While the specific education and training that kindergarten through third grade teachers receive does vary, teachers in elementary schools are almost always required to have a bachelor’s degree. In pre-K, the baseline requirements vary significantly between states, districts, and programs. For instance, the NCTQ report explains that some states require pre-K teachers to have a bachelor’s degree, while others require an associate’s degree, and others just a high school diploma. And as NCTQ points out, just because a pre-K teacher earns a bachelor’s degree, it does not guarantee that she received the information she needs to work with young children.
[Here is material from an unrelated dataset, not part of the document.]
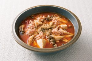 2.鍋に鶏むねスープとトマト缶を入れて、5分ほど中弱火で温める。フツフツしてきたらツナ、しめじ、豆腐を加えて、Aで味つけをする。

Clearly there is much work to do on ensuring teachers of young children, age three to eight, have the strong pre-service training as well as ongoing professional development opportunities. Creating an environment that supports young children’s language and literacy skills is crucial to children’s success and it is not easy. Teachers need the knowledge, skills, and supports necessary to do so.
Part 2 of this post will look at what Transforming the Workforce says about developing language in literacy skills in infants and toddlers.
Correction June 23, 2016: This post originally stated, "Another group heads to the craft table to create caterpillars and butterflies using colored pasta and pipe cleaners, referencing real images and a model made by the teacher." This sentence was changed to reflect developmentally-appropriate practice.